▶ **WORK ORDER**: Note on the material below: return exactly the lines from the line that holds "Пациент Е., 13" through the line that holds "1.950.000đ | 200.000đ |", and leave out each picture.

▶ **INFORMATION SHOWN**:
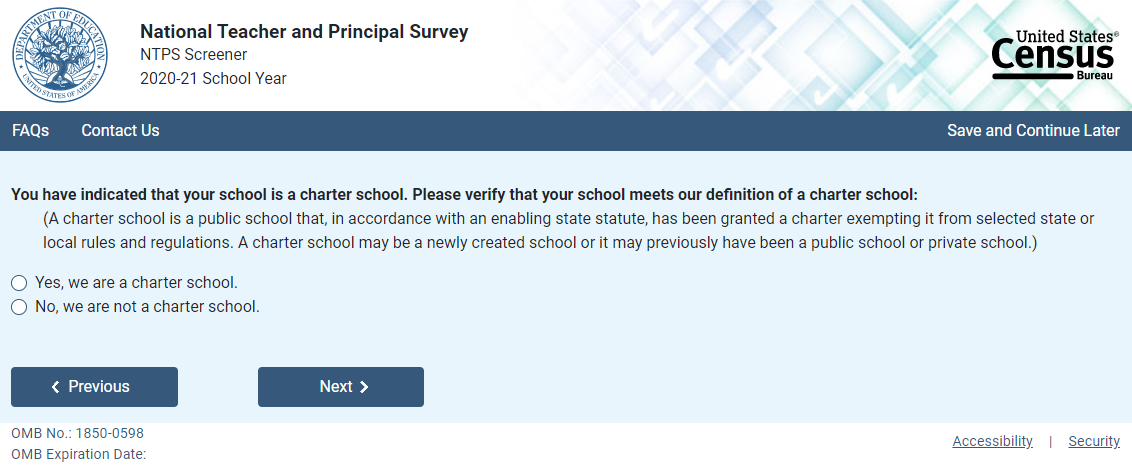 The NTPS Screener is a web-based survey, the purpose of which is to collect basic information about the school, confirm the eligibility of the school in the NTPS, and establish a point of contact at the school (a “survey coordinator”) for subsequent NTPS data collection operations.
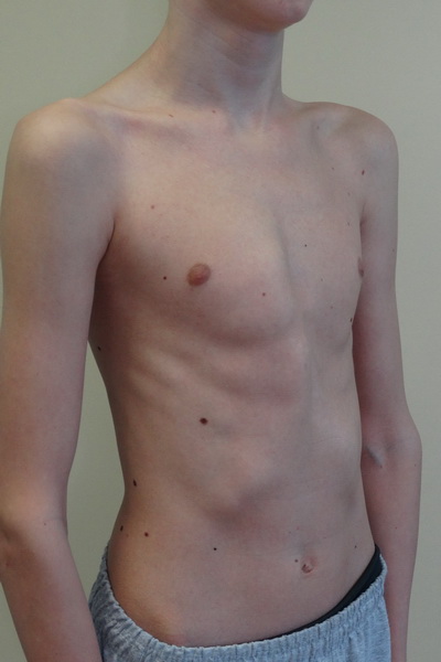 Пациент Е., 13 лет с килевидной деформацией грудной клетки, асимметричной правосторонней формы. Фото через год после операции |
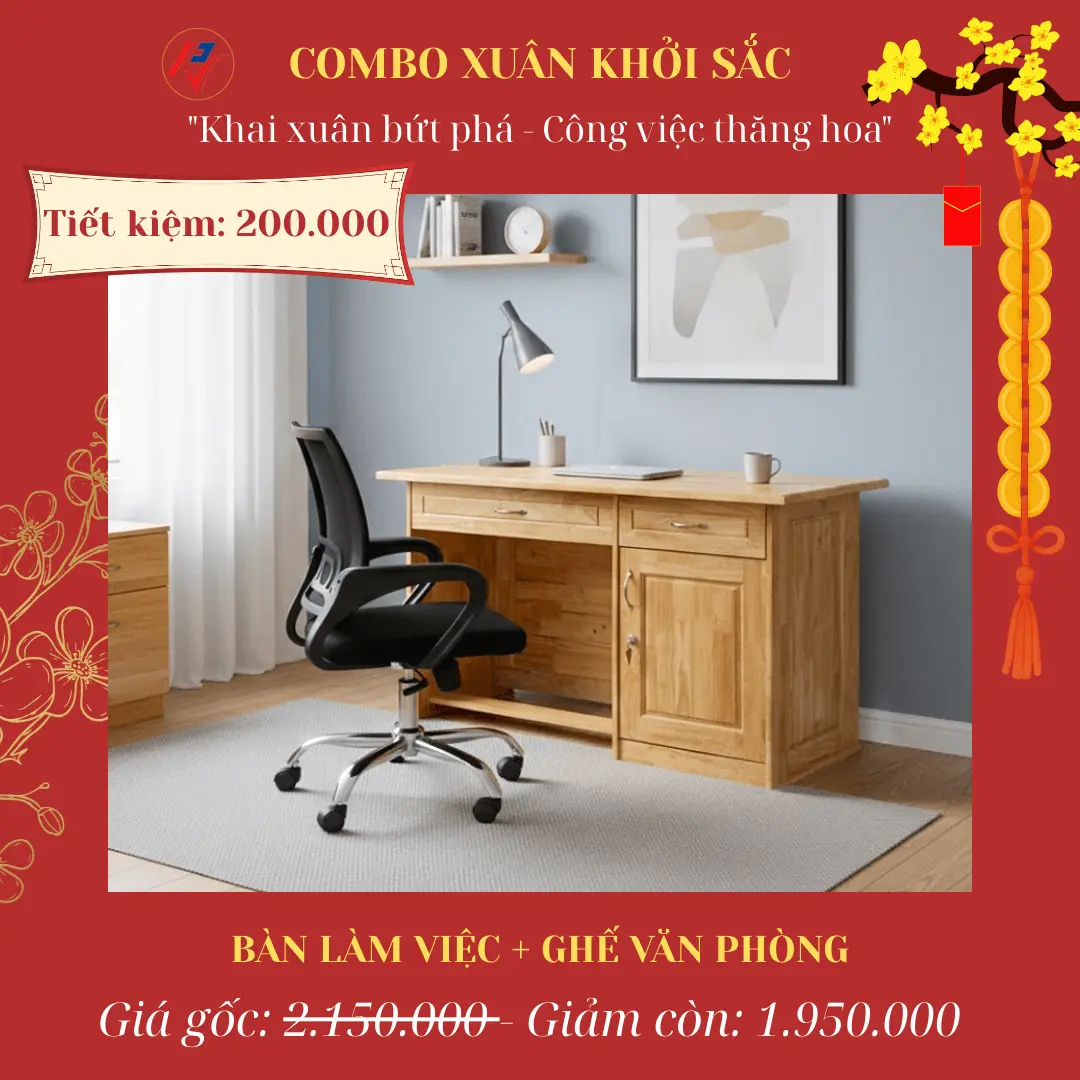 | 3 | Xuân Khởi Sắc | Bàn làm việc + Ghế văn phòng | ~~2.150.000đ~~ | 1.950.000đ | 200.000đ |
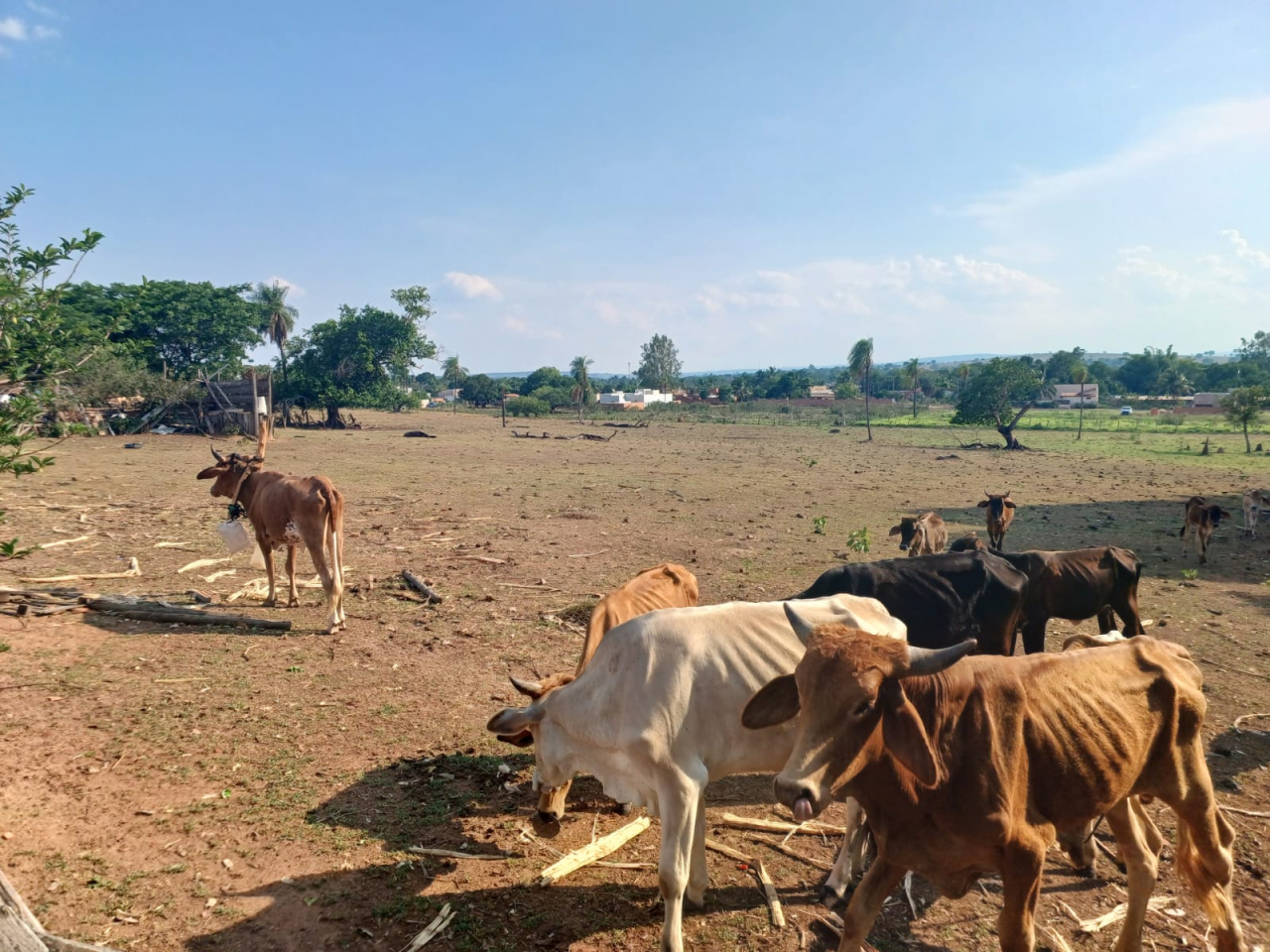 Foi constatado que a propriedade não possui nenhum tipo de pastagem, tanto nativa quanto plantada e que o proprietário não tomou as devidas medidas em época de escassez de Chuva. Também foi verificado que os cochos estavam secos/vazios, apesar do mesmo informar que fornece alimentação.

▶ **RESULT FOR THIS TASK**:
 Пациент Е., 13 лет с килевидной деформацией грудной клетки, асимметричной правосторонней формы. Фото через год после операции |
 | 3 | Xuân Khởi Sắc | Bàn làm việc + Ghế văn phòng | ~~2.150.000đ~~ | 1.950.000đ | 200.000đ |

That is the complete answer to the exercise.